What is the best Brake Pads and Whats the best brake rotors you can get for your B14 from you guys experience?


----------



## ReVerm (Jan 13, 2003)

AL_Sentra said:


> What is the best Brake Pads and Whats the best brake rotors you can get for your B14 from you guys experience?


What kind of use? And are you talking about the stock brake system?


----------



## AL_Sentra (Sep 5, 2003)

For town use mainly. and yes its a stock brake system. but like everytime i get them changed within a few days, sometimes even the same day they are back squecking again like the pads are worn or something, i can never get a pair that doesnt squeck!


----------



## ReVerm (Jan 13, 2003)

AL_Sentra said:


> For town use mainly. and yes its a stock brake system. but like everytime i get them changed within a few days, sometimes even the same day they are back squecking again like the pads are worn or something, i can never get a pair that doesnt squeck!


Before anything else, check to make sure that you still have brake shims and anti-rattle springs (you may not have these at all) on your pads.

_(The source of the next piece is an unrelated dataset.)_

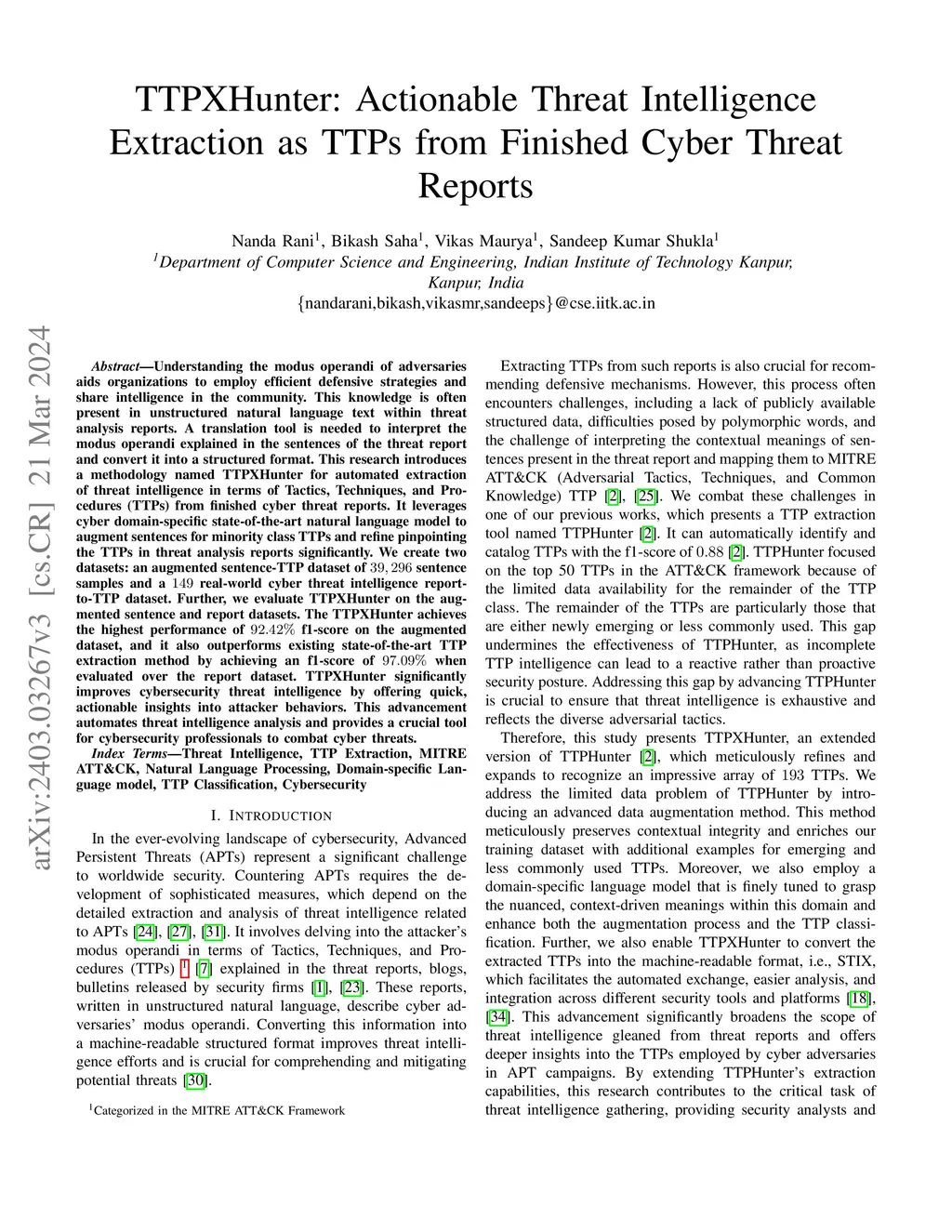 Understanding the modus operandi of adversaries aids organizations in employing efficient defensive strategies and sharing intelligence in the community. This knowledge is often present in unstructured natural language text within threat analysis reports. A translation tool is needed to interpret the modus operandi explained in the sentences of the threat report and translate it into a structured format. This research introduces a methodology named TTPXHunter for the automated extraction of threat intelligence in terms of Tactics, Techniques, and Procedures (TTPs) from finished cyber threat reports. It leverages cyber domain-specific state-of-the-art natural language processing (NLP) to augment sentences for minority class TTPs and refine pinpointing the TTPs in threat analysis reports significantly. The knowledge of threat intelligence in terms of TTPs is essential for comprehensively understanding cyber threats and enhancing detection and mitigation strategies. We create two datasets: an augmented sentence-TTP dataset of 39,296 samples and a 149 real-world cyber threat intelligence report-to-TTP dataset. Further, we evaluate TTPXHunter on the augmented sentence dataset and the cyber threat reports. The TTPXHunter achieves the highest performance of 92.42% f1-score on the augmented dataset, and it also outperforms existing state-of-the-art solutions in TTP extraction by achieving an f1-score of 97.09% when evaluated over the report dataset. TTPXHunter significantly improves cybersecurity threat intelligence by offering quick, actionable insights into attacker behaviors. This advancement automates threat intelligence analysis, providing a crucial tool for cybersecurity professionals fighting cyber threats.

Some pad compounds are naturally squeaky. My cheap around-campus pad is a full metallic that squeals like crazy during the first few applications. What you're looking for then is probably a lower temperature, mostly organic pad that was created specifically for that purpose. You can usually get these for relatively cheap at your local Autozone/Napa/Pep Boys/Checkers. If you need a pad with similar qualities that can stand up to some occasional abuse, I reccomend the OEM Nissan pads (get them from Courtesy Nissan). They have a pretty good operating temperature range and don't produce much noise at all. Try those the next time you change your brakes.

As for changing your rotors on the stock system, it won't make much of a difference. The biggest problem with the stock system (for performance applications) is the tiny stock rotor, which can only really be remedied by upgrading the entire system (a $300+ upgrade).


----------